Darius Tahir reports for KFF Health News that artificial intelligence (AI) in healthcare, which is supposed to save money, requires a lot of expensive humans. “Artificial intelligence systems require consistent monitoring and staffing to put in place and to keep them working well.”
“Government officials worry hospitals lack the resources to put these technologies through their paces. ‘I have looked far and wide,’ FDA Commissioner Robert Califf said at a recent agency panel on AI. ‘I do not believe there’s a single health system, in the United States, that’s capable of validating an AI algorithm that’s put into place in a clinical care system,’” Tahir writes.
The technology will become universal and profitable, tech experts predict. “The investment firm Bessemer Venture Partners has identified some 20 health-focused AI startups on track to make $10 million in revenue each in a year.”
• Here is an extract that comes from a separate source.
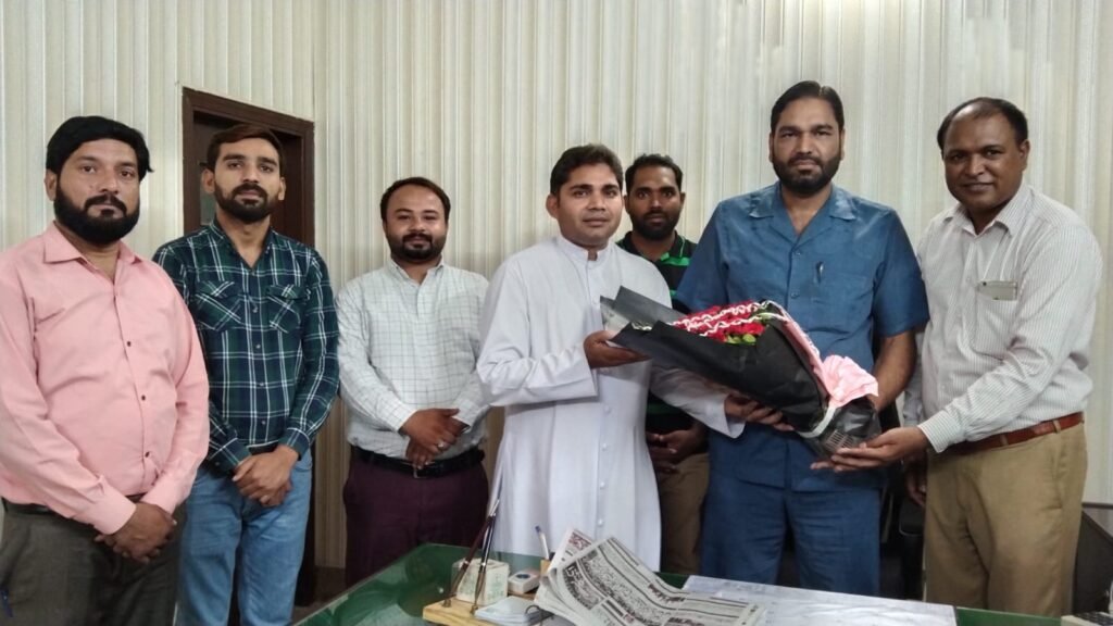 Prof. Shehzad Lawrence, a member of the District Peace Committee of Gujranwala, Reverend Father Shakeel Inayat, Parish Priest, St. Francis of Assisi Catholic Church, Francisabad, along with catechists, congratulated Munawar Hussain on his promotion to the post of Deputy Director at the District Information Office and presented a bouquet of flowers.

However, Tahir notes that evaluating whether these products work and continue to work is rather challenging. “It’s not easy for hospitals and providers to select the best algorithms for their needs. The average doctor doesn’t have a supercomputer sitting around, and there is no Consumer Reports for AI.”
Minor errors due to AI can be damaging in healthcare. “A team at Stanford University tried using large language models (LLM)…to summarize patients’ medical history. They compared the results with what a physician would write. ‘Even in the best case, the models had a 35 percent error rate,’ said Stanford’s Shah,” Tahir remarks.
“Experts interviewed by KFF Health News floated the idea of artificial intelligence monitoring artificial intelligence, with some (human) data whiz monitoring both. All acknowledged that would require organizations to spend even more money — a tough ask given the realities of hospital budgets and the limited supply of AI tech specialists.”